Work to complete = Every line below from the one with "72為上嘴唇加些光影色,羽化效果為0.7。" through the one with "Computador Burroughs 205, o" should be retyped exactly, both ends included; no other lines and no pictures.

The records =
-*-*-

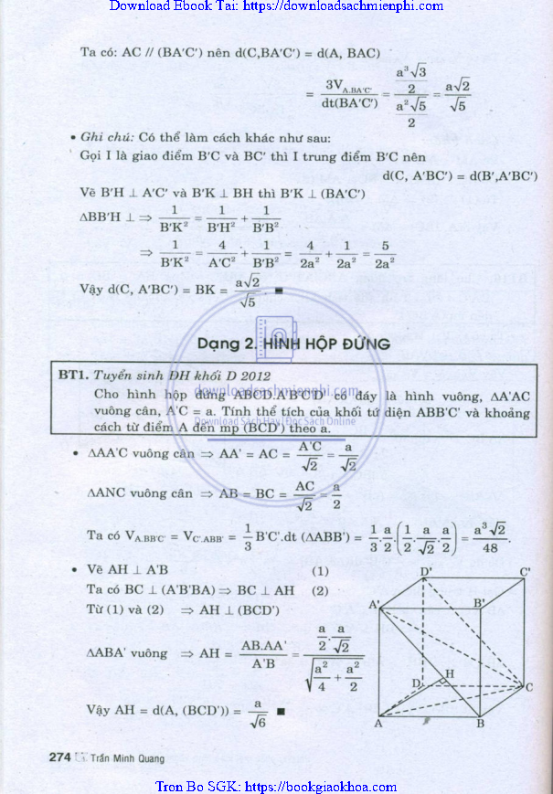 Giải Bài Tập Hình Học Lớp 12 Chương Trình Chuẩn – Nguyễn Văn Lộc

-*-*-

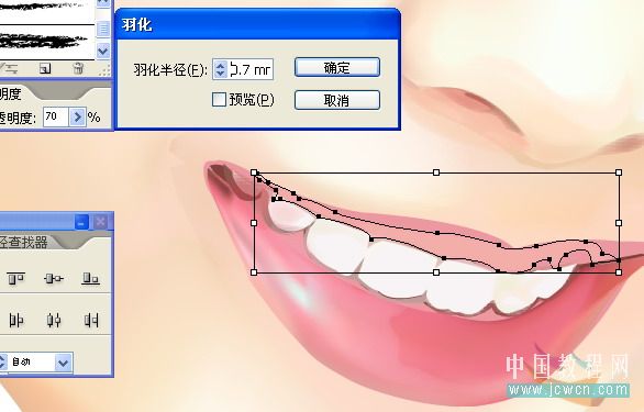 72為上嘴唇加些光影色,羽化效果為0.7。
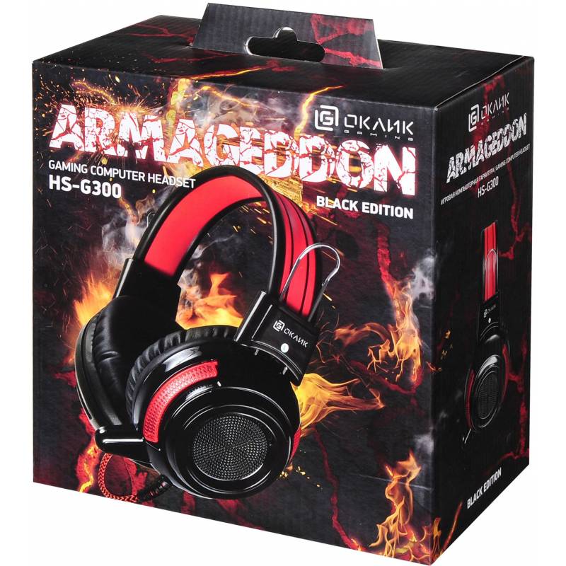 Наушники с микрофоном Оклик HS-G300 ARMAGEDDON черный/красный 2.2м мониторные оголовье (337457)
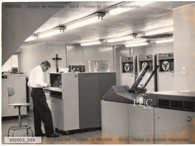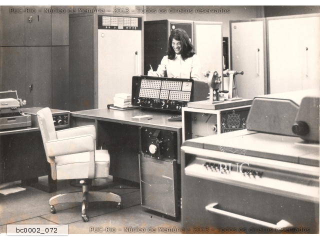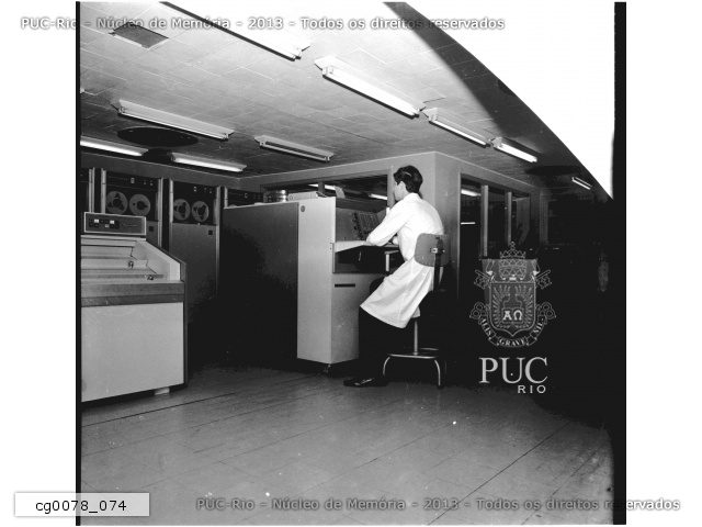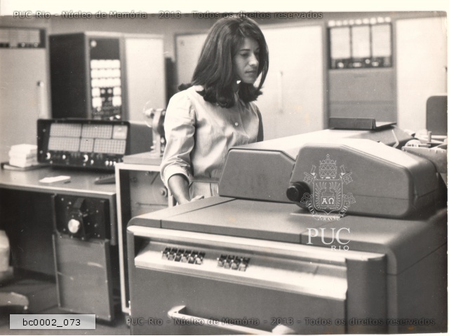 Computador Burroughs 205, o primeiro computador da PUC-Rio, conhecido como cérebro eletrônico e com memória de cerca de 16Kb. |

-*-*-

Exercise result =
 72為上嘴唇加些光影色,羽化效果為0.7。
 Наушники с микрофоном Оклик HS-G300 ARMAGEDDON черный/красный 2.2м мониторные оголовье (337457)
 Computador Burroughs 205, o primeiro computador da PUC-Rio, conhecido como cérebro eletrônico e com memória de cerca de 16Kb. |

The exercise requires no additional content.